In the absence of facts, myriad theories have surfaced over the past year offering plausible scenarios to explain what transpired. These include that the plane was shot down or driven into the sea by a deranged pilot or passenger. According to experts, no theory can’t be wholly dismissed until concrete evidence proves otherwise.
“With the Malaysian government declaring this an accident, well does that limit or preclude further investigation into these other areas?” asks Mike Daniel, an international aviation-safety consultant based in Singapore. “There’s a difference between an accident investigation as opposed to a criminal investigation.”
Despite talk of halting the investigation or ratcheting down recovery operations, Australian officials remain upbeat that their current search will yield results. “We are cautiously optimistic we’ll find that aircraft,” Martin Dolan, chief commissioner of the Australian Transport Safety Bureau, told the BBC this week. “We know we will find that aircraft if it’s in the priority search area.”
However, experts remain divided over where to look for the plane. Are the four Australian search vessels mapping large swaths of the Indian Ocean’s floor even scanning the correct hemisphere? Some even suggest the plane headed north towards the Caucuses.
“The fact that nothing has been found by the way of debris suggests to me that they’re looking in the wrong place,” said Jason Middleton, an aviation professor at the University of New South Wales in Sydney.
The current search zone was drawn up in accordance with calculations based on a number of electronic handshakes MH370 made with a satellite during its last hours of flight. But Middleton argues that these assessments are problematic at best.
“These calculations rely on a whole bunch of issues that are not easily verifiable by outside sources,” explains Middleton. “The science is not demonstrably repeatable.”
But without a shred of evidence, crucial questions will remain unanswered.

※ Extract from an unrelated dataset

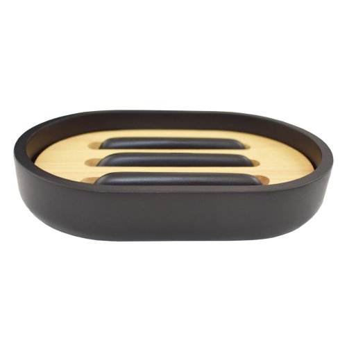 Elegantná oválna čierna mydlenka sa hodí do každej kúpeľne.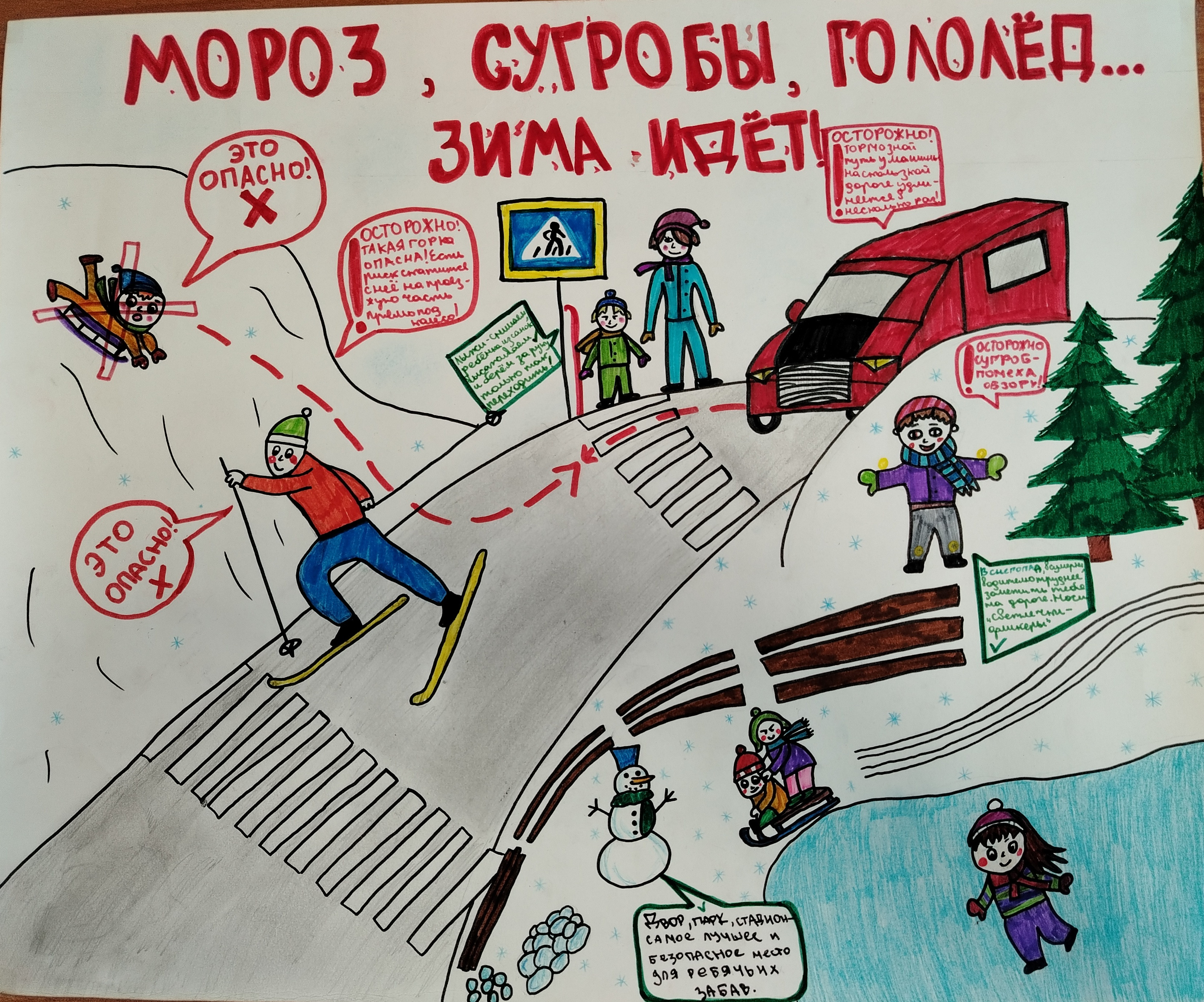 С воспитанниками ГПД проведена беседа, о правилах безопасного поведения в зимний период. Ребята раскрасили раскраски, а девчонки, старшеклассницы, нарисовали плакат на заданную тему.

Why were the transponders deliberately turned off? Why did whoever had control repeatedly change course? Why was there no Mayday call? And why have Malaysian authorities been reticent to release the flight’s cargo manifest in its entirety?
In lieu of answers, the public clamors for new technology to track planes wherever they might be, yet there’s little evidence that any advances could have prevented this mystery, given that existing systems were deliberately scuttled in the cockpit. (Pilots need to be able to turn off all onboard electronics in case of fire.)
“I don’t know really what to believe. It’s just so bizarre to me,” says Chong. “One year later and I’m in the same position with no further answers.”
As the anniversary approaches, Chong says she plans to brave another flight from Melbourne, where she moved two years ago, to Kuala Lumpur to gather with other families and call for the continuation of the search. Without answers, she tries to remain hopeful that the plane will one day be recovered, but admits that it’s difficult at times to convince herself that her husband and his fellow passengers will be found.
“I’m still hopeful that they will be able to find the plane,” she says. “But we don’t know when. Maybe in one year, 10 years or 40 years. I’ll be holding out hope until then.”